Timestamps aren't needed on both models, and other names should not be same on both classes.

stephen-puiszis commented 8 years ago

@hzamani @extrajordanary Then shouldn't updating a sub-classed model update the timestamps on the parent? The parent_class.updated_at timestamp should update when the sub_class is updated. Gem v1.0.6, Rails 4.2.2


[4] pry(main)> @bank_financials = BankFinancials.last
=> #<BankFinancials:0x0000011186c718
 id: 42547,
 growth_in_equity: 0.7000001,
 <omitted columns>

 [5] pry(main)> @bank_financials.acting_as
=> #<Financials:0x00000111867d30
 id: 80493,
 actable_id: 42547,
 actable_type: "BankFinancials",
 <omitted columns>
 created_at: Thu, 21 Jan 2016 15:41:43 CST -06:00,
 updated_at: Thu, 21 Jan 2016 15:41:43 CST -06:00>

 [6] pry(main)> @bank_financials.update_attributes(growth_in_equity: 0.700)
   (1.1ms)  BEGIN
  Institution Load (0.9ms)  SELECT  "institutions".* FROM "institutions" WHERE "institutions"."id" = $1 LIMIT 1  [["id", 32008]]
  Financials Exists (2.2ms)  SELECT  1 AS one FROM "financials" WHERE ("financials"."quarter" = 2 AND "financials"."id" != 80493 AND "financials"."year" = 2015 AND "financials"."actable_type" = 'BankFinancials' AND "financials"."institution_id" = 32008) LIMIT 1
  SQL (2.8ms)  UPDATE "bank_financials" SET "growth_in_equity" = $1 WHERE "bank_financials"."id" = $2  [["growth_in_equity", 0.7], ["id", 42547]]
   (2.1ms)  COMMIT
=> true

[7] pry(main)> @bank_financials.reload.acting_as
  BankFinancials Load (0.3ms)  SELECT  "bank_financials".* FROM "bank_financials" WHERE "bank_financials"."id" = $1 LIMIT 1  [["id", 42547]]
  Financials Load (0.3ms)  SELECT  "financials".* FROM "financials" WHERE "financials"."actable_id" = $1 AND "financials"."actable_type" = $2 LIMIT 1  [["actable_id", 42547], ["actable_type", "BankFinancials"]]
=> #<Financials:0x00000112704cd0
 id: 80493,
 actable_id: 42547,
 actable_type: "BankFinancials",
 <omitted columns>
 created_at: Thu, 21 Jan 2016 15:41:43 CST -06:00,
 updated_at: Thu, 21 Jan 2016 15:41:43 CST -06:00>
hzamani commented 8 years ago

@stephen-puiszis adding timestamp columns to both child and parent tables is a bad design pattern.

extrajordanary commented 8 years ago

@hzamani if that was the way that you designed it and intended it to be used, then perhaps you could mention this in the Readme.

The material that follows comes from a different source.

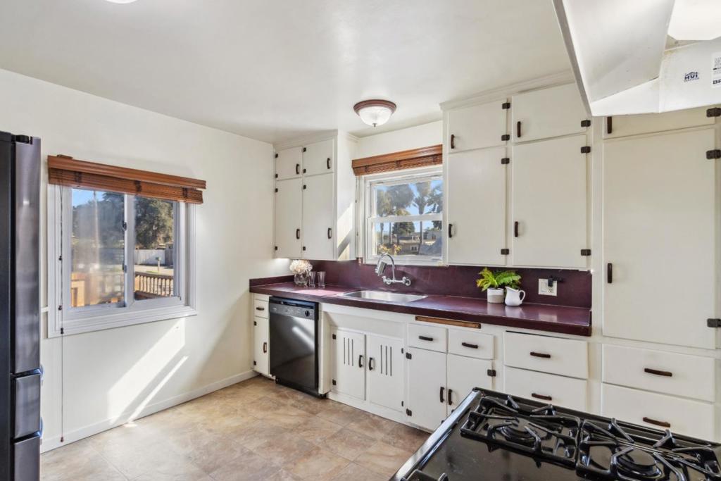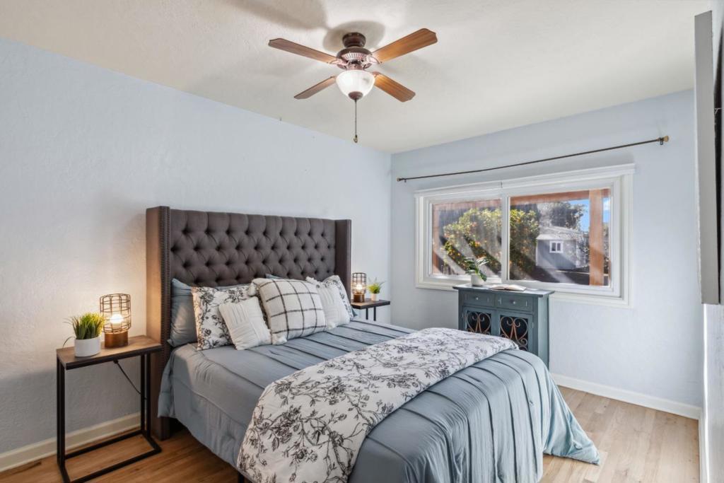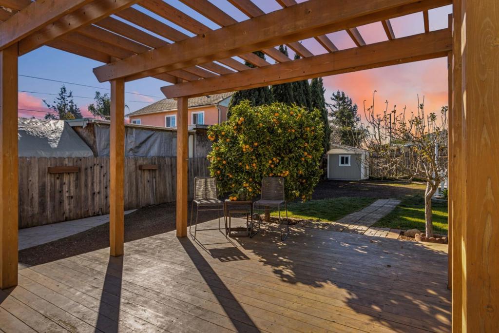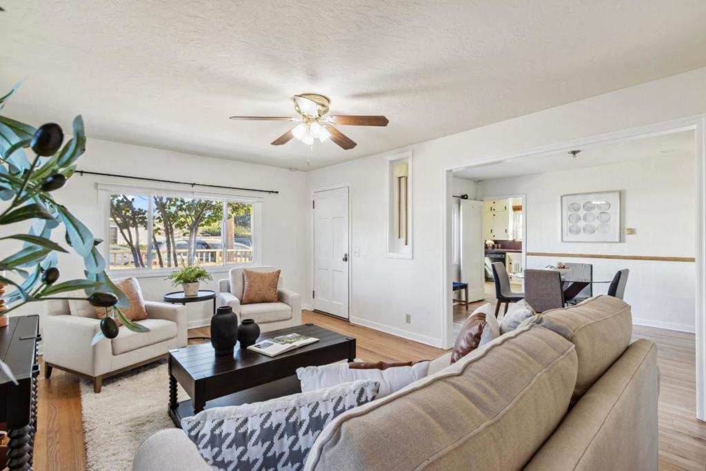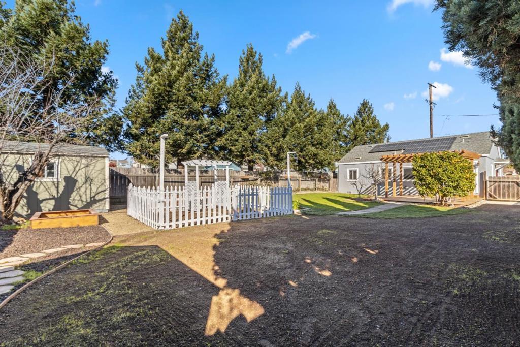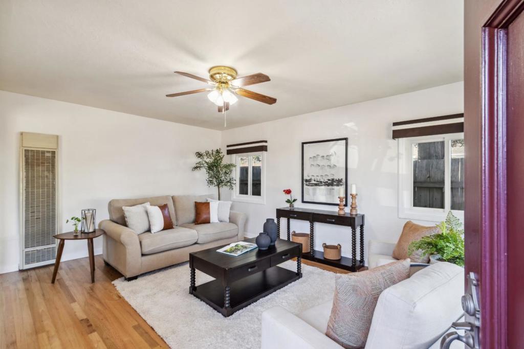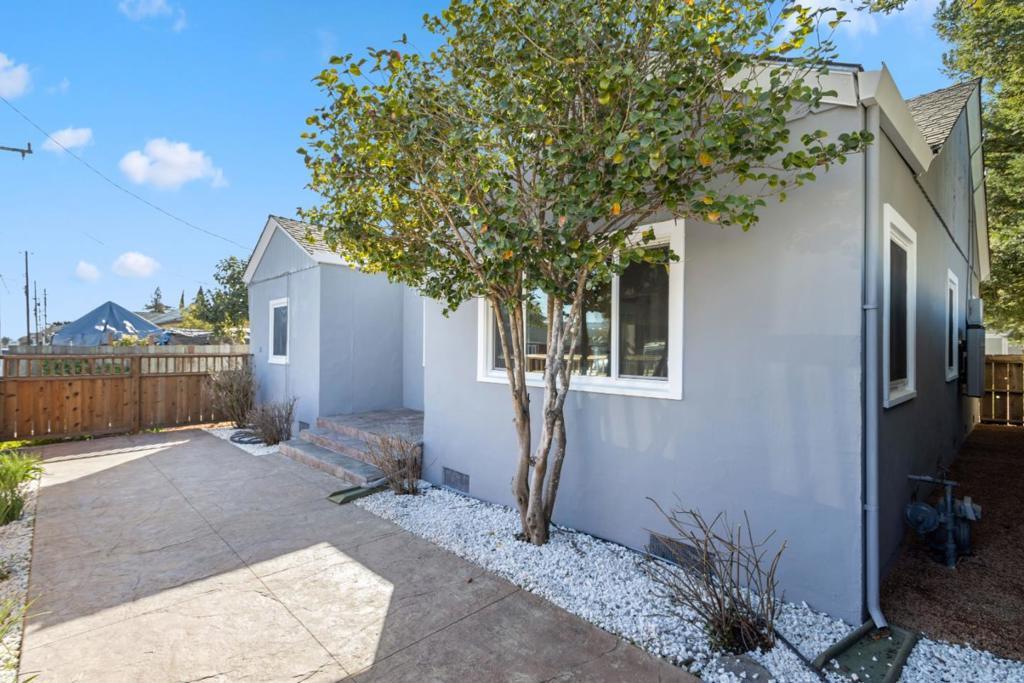 This delightful 2-bedroom, 1-bathroom with an office, home is brimming with charm and curb appeal. The inviting front porch and stamped concrete patio provide the perfect setting to relax and connect with neighbors. Conveniently located near Highway 1 via Airport Blvd, this home is just minutes from shops, restaurants, and all the amenities you need. The spacious backyard is a true oasis, featuring raised garden beds for green thumbs, a pergola ideal for al fresco dining, mature fruit-producing orange, plum, and apple trees, and a detached shed for extra storage. The thoughtfully designed floorplan that welcomes you into a cozy living room. Highlights include hardwood floors, freshly painted interiors, and beautiful built-ins that add character and functionality. The attic offers bountiful storage space. To top it all off, this home comes with owned solar panels, offering energy efficiency and cost savings, and a conveniently located in the driveway and EV charger. Dont miss the opportunity to call this one-of-a-kind bungalow your own!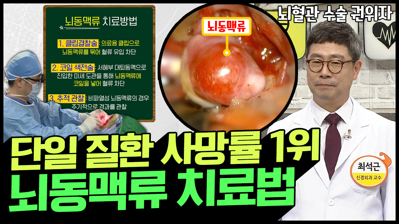 #뇌동맥류 #뇌출혈 #뇌혈관 00:00 최대 사망률 67%...!? ‘침묵의 살인자’라 불리는 이것! ▶뇌동맥류◀ 00:50 달라도 너무 달라(;´д`)ゞ 뇌동맥류 치료방법 02:06 세밀함 끝판왕… 뇌동맥류 실제 수술 과정 대공개!! 04:42 머리를 열지 않는 뇌수술!? 뇌동맥류 치료법 두 번째, 코일 색전술 07:08 추적관찰로 치료하는 비파열성 뇌동맥류, 자연적으로 소멸될까요? 07:53 혈관 건강이 중요 뇌동맥류 예방법! 세상을 건강하게 할 특급 비책 ‘나는 몸신이다’ 매주 목요일 밤 8시 10분 방송

I don't see anywhere where it warns you to be sure to remove created_at and updated_at if they already exist and to not make them if you're creating a new model.

stephen-puiszis commented 8 years ago

@hzamani whether or not that's a bad design pattern isn't what I'm asking and is a different conversation. Given the current and intended design of timestamps only on the parent class, I would have expected that if an update occurs on a child record, the associated parent record's timestamp would be updated for the child's update (@child.acting_as.updated_at). However, that is not the case and that looks like a bug.

@extrajordanary agreed

stephen-puiszis commented 8 years ago

@hzamani thank you!

extrajordanary commented 8 years ago

@hzamani Yes, thanks again for clarifying!

kjakub commented 8 years ago

@hzamani i need keep legacy timestamps on subclasses, so i created parent class without timestamp to avoid collision. Do you see any problem with that ?

hzamani commented 8 years ago

@kjakub, that's not a problem, but you can achieve same functionality with timestamps on parent class. And with timestamps on parent you can have things like this: (with readme example)

Product.where(:updated_at > 10.days.ago)
Product.sort(:updated_at).limit(10)
kjakub commented 8 years ago

@hzamani cool, the problem i encountered is created_at timestamp on parent class - after first update is the same updated_at. And I was lazy to write migration. Thanks.